Copy out again, unchanged, the listing below from the line that has "जनसुनवाई के दौरान श्रमिकों" through the line that has "कोराव। विधायक कोराव".

[[ DATA, beginning ]]

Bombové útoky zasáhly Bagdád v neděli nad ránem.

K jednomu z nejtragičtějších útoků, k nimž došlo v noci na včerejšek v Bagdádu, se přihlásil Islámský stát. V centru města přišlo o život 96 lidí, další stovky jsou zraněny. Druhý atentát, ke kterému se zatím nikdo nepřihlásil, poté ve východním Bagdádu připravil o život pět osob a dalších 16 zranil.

[[ DATA, end ]]
[[ DATA, beginning ]]

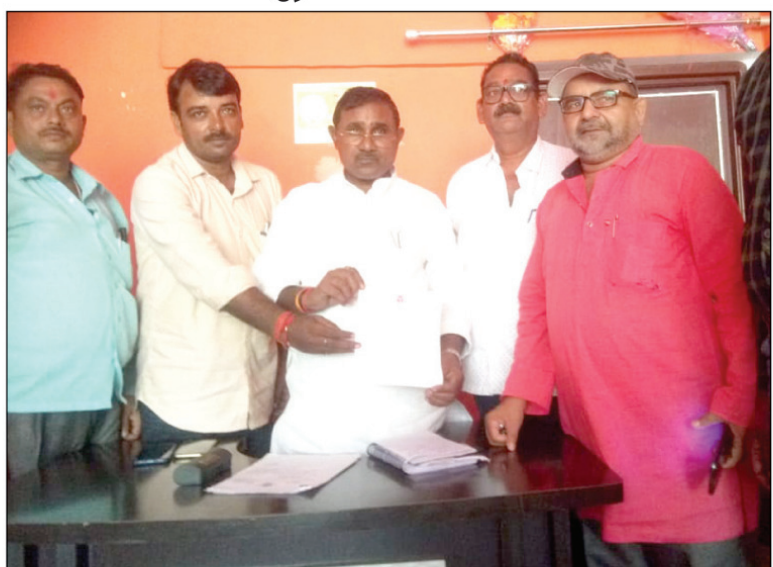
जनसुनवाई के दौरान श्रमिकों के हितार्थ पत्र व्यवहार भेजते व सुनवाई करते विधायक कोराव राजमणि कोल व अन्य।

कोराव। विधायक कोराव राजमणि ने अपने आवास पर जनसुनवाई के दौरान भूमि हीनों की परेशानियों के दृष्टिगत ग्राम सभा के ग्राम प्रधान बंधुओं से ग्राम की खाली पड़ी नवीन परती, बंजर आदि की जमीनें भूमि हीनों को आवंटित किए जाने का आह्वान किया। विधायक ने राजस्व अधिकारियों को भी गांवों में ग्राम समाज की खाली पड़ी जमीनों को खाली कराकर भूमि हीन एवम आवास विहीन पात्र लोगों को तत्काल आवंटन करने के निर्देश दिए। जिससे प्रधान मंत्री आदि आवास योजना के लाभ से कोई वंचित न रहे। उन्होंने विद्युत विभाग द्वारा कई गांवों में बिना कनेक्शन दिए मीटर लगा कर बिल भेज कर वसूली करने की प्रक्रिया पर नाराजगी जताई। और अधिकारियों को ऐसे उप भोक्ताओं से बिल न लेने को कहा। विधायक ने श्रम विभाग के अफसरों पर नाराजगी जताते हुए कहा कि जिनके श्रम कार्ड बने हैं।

[[ DATA, end ]]

EXERCISE RESPONSE:
जनसुनवाई के दौरान श्रमिकों के हितार्थ पत्र व्यवहार भेजते व सुनवाई करते विधायक कोराव राजमणि कोल व अन्य।

कोराव। विधायक कोराव राजमणि ने अपने आवास पर जनसुनवाई के दौरान भूमि हीनों की परेशानियों के दृष्टिगत ग्राम सभा के ग्राम प्रधान बंधुओं से ग्राम की खाली पड़ी नवीन परती, बंजर आदि की जमीनें भूमि हीनों को आवंटित किए जाने का आह्वान किया। विधायक ने राजस्व अधिकारियों को भी गांवों में ग्राम समाज की खाली पड़ी जमीनों को खाली कराकर भूमि हीन एवम आवास विहीन पात्र लोगों को तत्काल आवंटन करने के निर्देश दिए। जिससे प्रधान मंत्री आदि आवास योजना के लाभ से कोई वंचित न रहे। उन्होंने विद्युत विभाग द्वारा कई गांवों में बिना कनेक्शन दिए मीटर लगा कर बिल भेज कर वसूली करने की प्रक्रिया पर नाराजगी जताई। और अधिकारियों को ऐसे उप भोक्ताओं से बिल न लेने को कहा। विधायक ने श्रम विभाग के अफसरों पर नाराजगी जताते हुए कहा कि जिनके श्रम कार्ड बने हैं।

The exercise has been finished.